On Wed, 5 Jul 2023 18:08:17 +0900
David Stevens <stevensd@xxxxxxxxxxxx> wrote:
> On Wed, Jul 5, 2023 at 5:47___PM Zhi Wang <zhi.wang.linux@xxxxxxxxx> wrote:
> >
> > On Tue, 4 Jul 2023 16:50:47 +0900
> > David Stevens <stevensd@xxxxxxxxxxxx> wrote:
> >
> > > From: David Stevens <stevensd@xxxxxxxxxxxx>
> > >
> > > Introduce __kvm_follow_pfn, which will replace __gfn_to_pfn_memslot.
> > > __kvm_follow_pfn refactors the old API's arguments into a struct and,
> > > where possible, combines the boolean arguments into a single flags
> > > argument.
> > >
> > > Signed-off-by: David Stevens <stevensd@xxxxxxxxxxxx>
> > > ---
> > > include/linux/kvm_host.h | 16 ++++
> > > virt/kvm/kvm_main.c | 171 ++++++++++++++++++++++-----------------
> > > virt/kvm/kvm_mm.h | 3 +-
> > > virt/kvm/pfncache.c | 8 +-
> > > 4 files changed, 122 insertions(+), 76 deletions(-)
> > >
> > > diff --git a/include/linux/kvm_host.h b/include/linux/kvm_host.h
> > > index 9d3ac7720da9..ef2763c2b12e 100644
> > > --- a/include/linux/kvm_host.h
> > > +++ b/include/linux/kvm_host.h
> > > @@ -97,6 +97,7 @@
> > > #define KVM_PFN_ERR_HWPOISON (KVM_PFN_ERR_MASK + 1)
> > > #define KVM_PFN_ERR_RO_FAULT (KVM_PFN_ERR_MASK + 2)
> > > #define KVM_PFN_ERR_SIGPENDING (KVM_PFN_ERR_MASK + 3)
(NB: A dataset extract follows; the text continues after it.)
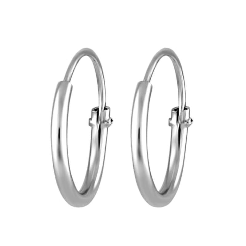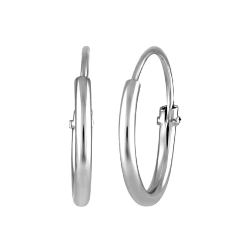 Add a touch of elegance to your look with these hoop earrings featuring a simple design and rhodium plating.

> > > +#define KVM_PFN_ERR_NEEDS_IO (KVM_PFN_ERR_MASK + 4)
> > >
> > > /*
> > > * error pfns indicate that the gfn is in slot but faild to
> > > @@ -1156,6 +1157,21 @@ unsigned long gfn_to_hva_memslot_prot(struct kvm_memory_slot *slot, gfn_t gfn,
> > > void kvm_release_page_clean(struct page *page);
> > > void kvm_release_page_dirty(struct page *page);
> > >
> > > +struct kvm_follow_pfn {
> > > + const struct kvm_memory_slot *slot;
> > > + gfn_t gfn;
> > > + unsigned int flags;
> > > + bool atomic;
> > > + /* Allow a read fault to create a writeable mapping. */
> > > + bool allow_write_mapping;
> > > +
> > > + /* Outputs of __kvm_follow_pfn */
> > > + hva_t hva;
> > > + bool writable;
> > > +};
> > > +
> > > +kvm_pfn_t __kvm_follow_pfn(struct kvm_follow_pfn *foll);
> > > +
> > > kvm_pfn_t gfn_to_pfn(struct kvm *kvm, gfn_t gfn);
> > > kvm_pfn_t gfn_to_pfn_prot(struct kvm *kvm, gfn_t gfn, bool write_fault,
> > > bool *writable);
> > > diff --git a/virt/kvm/kvm_main.c b/virt/kvm/kvm_main.c
> > > index 371bd783ff2b..b13f22861d2f 100644
> > > --- a/virt/kvm/kvm_main.c
> > > +++ b/virt/kvm/kvm_main.c
> > > @@ -2486,24 +2486,22 @@ static inline int check_user_page_hwpoison(unsigned long addr)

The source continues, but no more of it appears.